INPUT DATA:
++++

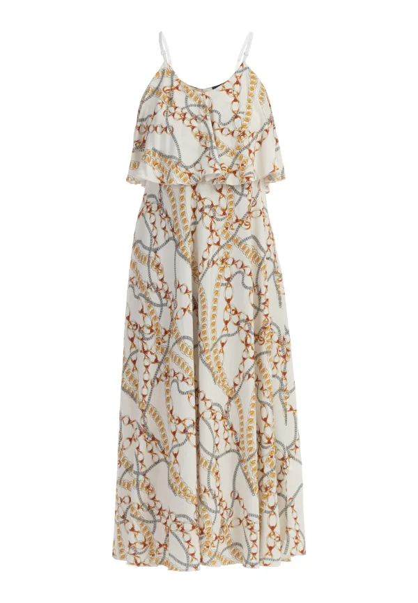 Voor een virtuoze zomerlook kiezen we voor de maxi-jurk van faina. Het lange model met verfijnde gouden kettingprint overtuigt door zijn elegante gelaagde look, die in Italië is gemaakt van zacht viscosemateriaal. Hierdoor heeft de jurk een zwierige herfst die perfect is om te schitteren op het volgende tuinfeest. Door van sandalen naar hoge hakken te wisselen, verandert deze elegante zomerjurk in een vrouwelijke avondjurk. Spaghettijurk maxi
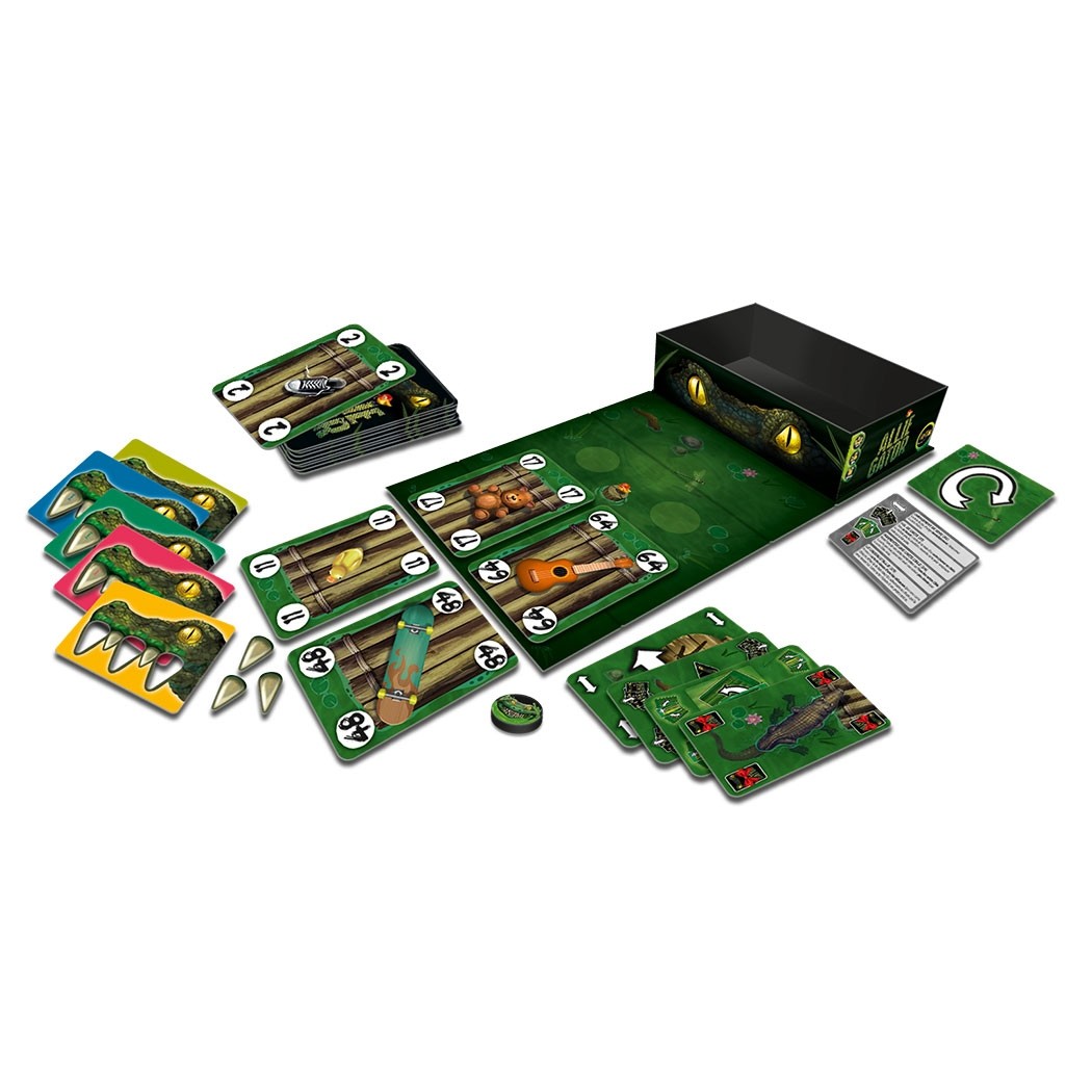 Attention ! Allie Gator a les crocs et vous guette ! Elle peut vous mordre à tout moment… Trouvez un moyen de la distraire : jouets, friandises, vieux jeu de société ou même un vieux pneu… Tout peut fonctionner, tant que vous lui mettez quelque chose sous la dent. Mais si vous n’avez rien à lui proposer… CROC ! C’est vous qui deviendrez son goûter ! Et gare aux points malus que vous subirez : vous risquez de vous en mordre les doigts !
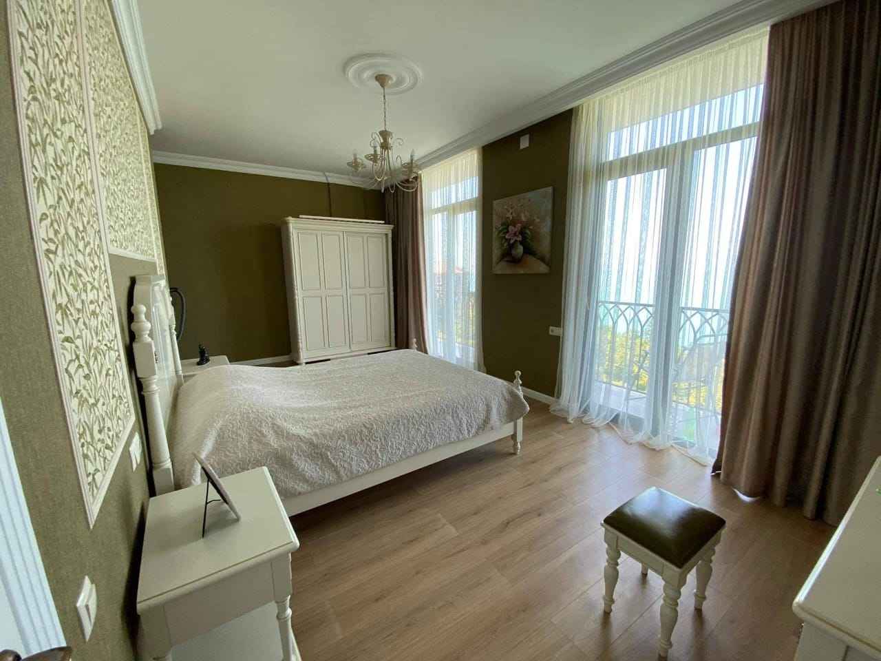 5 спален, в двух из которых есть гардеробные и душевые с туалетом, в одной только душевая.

++++

Every line above should be transcribed exactly, though no image should be carried over.

YOUR RESPONSE:
 Voor een virtuoze zomerlook kiezen we voor de maxi-jurk van faina. Het lange model met verfijnde gouden kettingprint overtuigt door zijn elegante gelaagde look, die in Italië is gemaakt van zacht viscosemateriaal. Hierdoor heeft de jurk een zwierige herfst die perfect is om te schitteren op het volgende tuinfeest. Door van sandalen naar hoge hakken te wisselen, verandert deze elegante zomerjurk in een vrouwelijke avondjurk. Spaghettijurk maxi
 Attention ! Allie Gator a les crocs et vous guette ! Elle peut vous mordre à tout moment… Trouvez un moyen de la distraire : jouets, friandises, vieux jeu de société ou même un vieux pneu… Tout peut fonctionner, tant que vous lui mettez quelque chose sous la dent. Mais si vous n’avez rien à lui proposer… CROC ! C’est vous qui deviendrez son goûter ! Et gare aux points malus que vous subirez : vous risquez de vous en mordre les doigts !
 5 спален, в двух из которых есть гардеробные и душевые с туалетом, в одной только душевая.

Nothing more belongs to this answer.